I am currently testing the following changes:

--- /usr/lib/python3/dist-packages/pyzor/client.py  2017-09-05 16:41:23.000000000 +0200
+++ client.73.py    2021-07-13 18:41:21.448102172 +0200
@@ -119,6 +119,6 @@
     def _mock_check(self, digests, address=None):
-        msg = (b"Code: %s\nDiag: OK\nPV: %s\nThread: 1024\nCount: 0\n"
-               b"WL-Count: 0" % (pyzor.message.Response.ok_code,
+        msg = ("Code: %s\nDiag: OK\nPV: %s\nThread: 1024\nCount: 0\n"
+               "WL-Count: 0" % (pyzor.message.Response.ok_code,
                                  pyzor.proto_version))
-        return email.message_from_bytes(msg, _class=pyzor.message.Response)
+        return email.message_from_bytes(msg.encode(), _class=pyzor.message.Response)

I.e., remove the 2 b encoders in msg = and change msg to msg.encode() in the return statement.

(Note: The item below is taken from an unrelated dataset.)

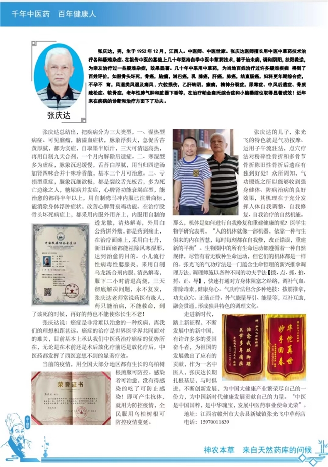 张庆达老师生于一九五二年十二月,在一九七三年七月毕业于江西省下垄矿五七高中,当年十二月下放农村接受贫下中农再教育七七年七月病退返矿,在县工商局做协议工作至七九年。八〇年元月,由下垄矿大集体招收为集体工,二〇一二年办了退休,几十年坚持自学中医中草药技术,为亲友治疗过一些疑难杂症,如骨癌,股骨头坏死,脑瘤,淋巴癌, 乳腺癌。结直肠癌,肝癌,尿毒症,肾囊肿,癫痫精神分裂症, 穴位损伤,中风后遗症及类风湿乙肝转阴等疑难杂症,效果显著,让股骨头坏死病人得到快速缓解疼痛,短期内达到治愈的目的,得到亲朋好友好评,当地百姓都说老师在新城立脚是新城人民的福份!

Disclaimer: I do not know Python. The above works for me for now.

mnalis commented 2 years ago

Thanks, it works great!

% echo | pyzor check
public.pyzor.org:24441  (200, 'OK')     24308494        243371
% echo | pyzor local_whitelist
% echo | pyzor check
public.pyzor.org:24441  (200, 'OK')     0       0

can not somebody make a release of this fix?